*Task to carry out*. Please retype the entries below word for word, passing over every picture.

*Records for this task*.
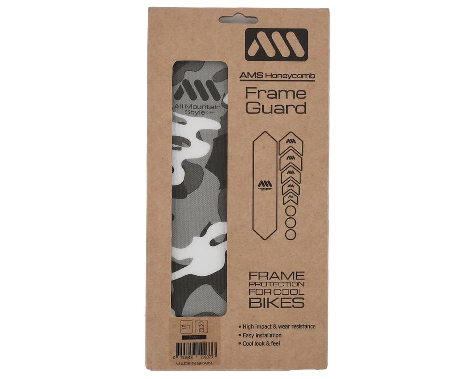 - AMS Honeycomb Frame Guard protects bike frames from impact chips, scratches, and cable rubbing.
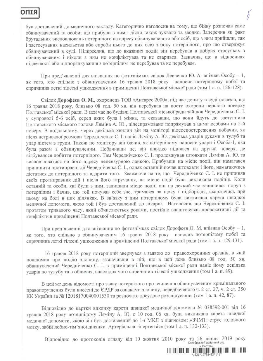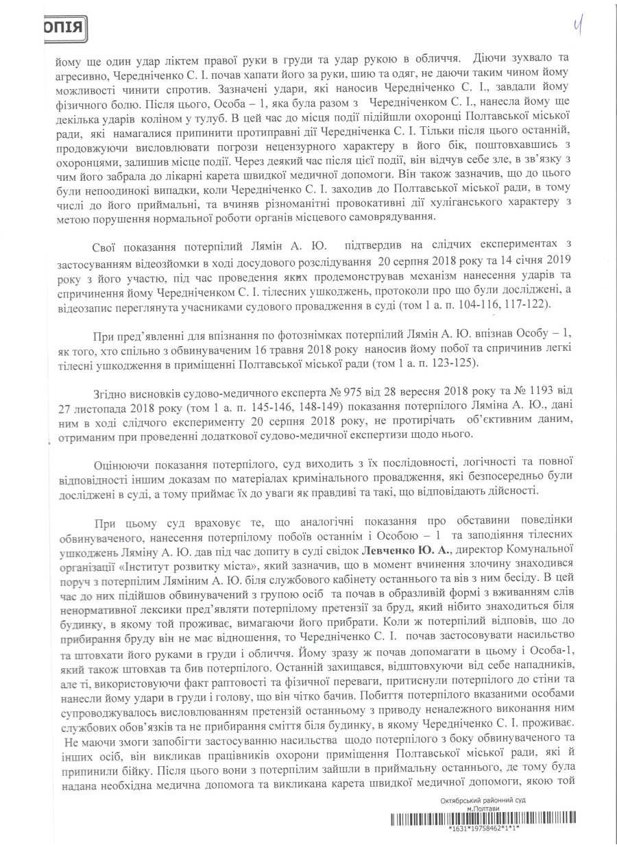 Сергій Чередніченко протягом 2015-2016 років був депутатом Полтавської міськради. 16 травня 2018 року Чередніченко разом з іншою особою перебували у приміщенні Полтавської міськради. У коридорі другого поверху вони побачили тодішнього заступника міського голови Андрія Ляміна, зав'язався конфлікт. Відповідно до тексту вироку, Чередніченко наніс Ляміну близько 4 ударів по тулубу кулаками і один удар ліктем у груди. Інша особа схопила потерпілого та штовхнула його. У результаті Лямін вдарився потилицею об стіну. Потім особа один раз ударила правою ногою в тулуб та один раз кулаком в голову.
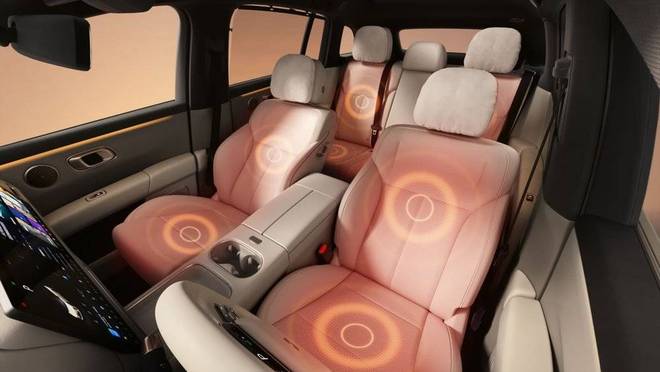 外观个性化,舱内空间则是强调舒适感。通过低重心和短前后悬设计,理想i6打造了超过 3.3 米超大车内纵向可用空间,标配四座通风、五座加热和前排十点按摩,后排右侧配备皇后座椅,搭配8.8升智能冷暖双用冰箱、21.4英寸3K后舱娱乐屏、铂金音响、侧窗隐私帘等配置,打造了一个舒适驾乘空间。
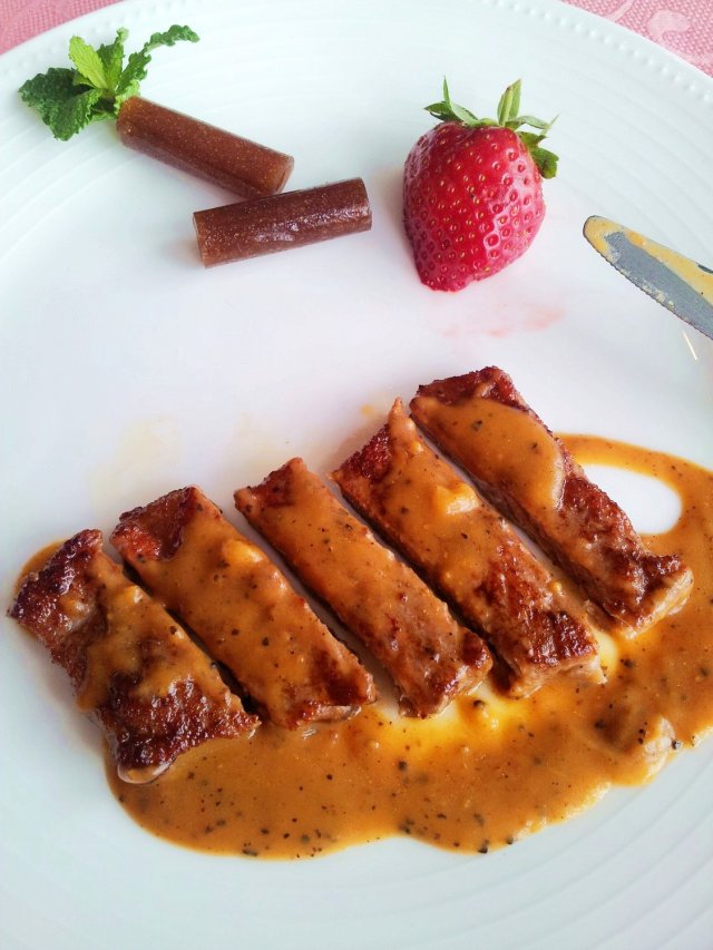 万幸的是,这正价168的豆腐干大小牛扒(大家可以参考旁边的草莓),味道的确无可挑剔!连家人都赞不绝口,味道醇厚,入口肉汁充满口腔,是我试过最好味的牛扒没有之一。
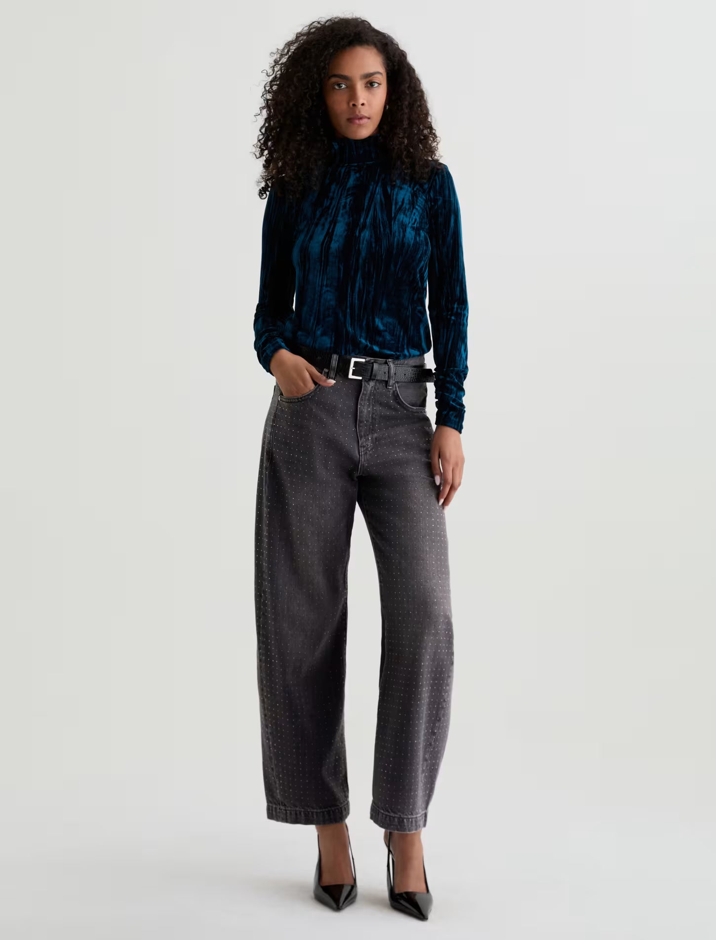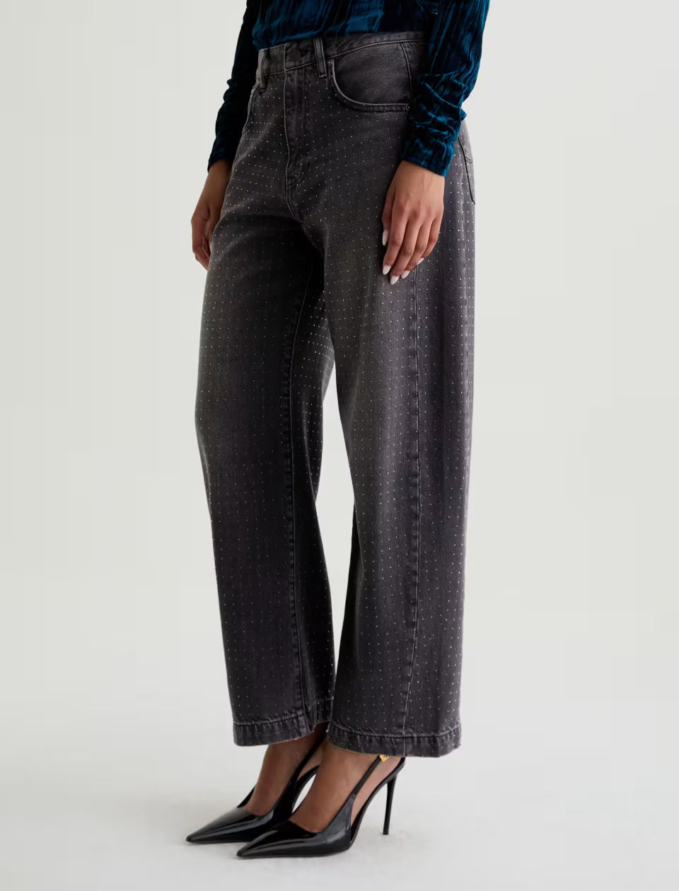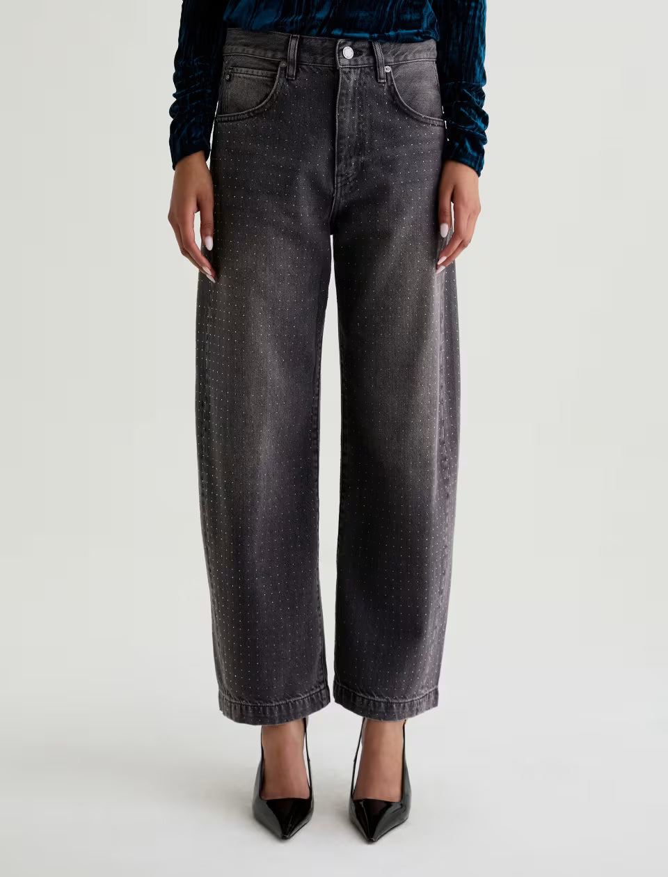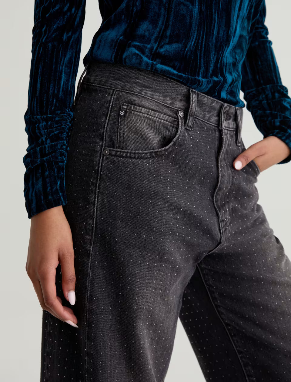 Looking for the perfect jean that adds just the right touch of sparkle? Meet the Hattie Barrel Jean in Starry Night from AG — a modern twist on one of our best-selling silhouettes. Designed with a flattering high-rise and distinctive curved barrel leg, this jean combines everyday comfort with a hint of understated glamour. Tiny clear rhinestones catch the light in all the right ways, making this pair effortlessly chic from day to night.

*Reply to the exercise*.
 - AMS Honeycomb Frame Guard protects bike frames from impact chips, scratches, and cable rubbing.
 Сергій Чередніченко протягом 2015-2016 років був депутатом Полтавської міськради. 16 травня 2018 року Чередніченко разом з іншою особою перебували у приміщенні Полтавської міськради. У коридорі другого поверху вони побачили тодішнього заступника міського голови Андрія Ляміна, зав'язався конфлікт. Відповідно до тексту вироку, Чередніченко наніс Ляміну близько 4 ударів по тулубу кулаками і один удар ліктем у груди. Інша особа схопила потерпілого та штовхнула його. У результаті Лямін вдарився потилицею об стіну. Потім особа один раз ударила правою ногою в тулуб та один раз кулаком в голову.
 外观个性化,舱内空间则是强调舒适感。通过低重心和短前后悬设计,理想i6打造了超过 3.3 米超大车内纵向可用空间,标配四座通风、五座加热和前排十点按摩,后排右侧配备皇后座椅,搭配8.8升智能冷暖双用冰箱、21.4英寸3K后舱娱乐屏、铂金音响、侧窗隐私帘等配置,打造了一个舒适驾乘空间。
 万幸的是,这正价168的豆腐干大小牛扒(大家可以参考旁边的草莓),味道的确无可挑剔!连家人都赞不绝口,味道醇厚,入口肉汁充满口腔,是我试过最好味的牛扒没有之一。
 Looking for the perfect jean that adds just the right touch of sparkle? Meet the Hattie Barrel Jean in Starry Night from AG — a modern twist on one of our best-selling silhouettes. Designed with a flattering high-rise and distinctive curved barrel leg, this jean combines everyday comfort with a hint of understated glamour. Tiny clear rhinestones catch the light in all the right ways, making this pair effortlessly chic from day to night.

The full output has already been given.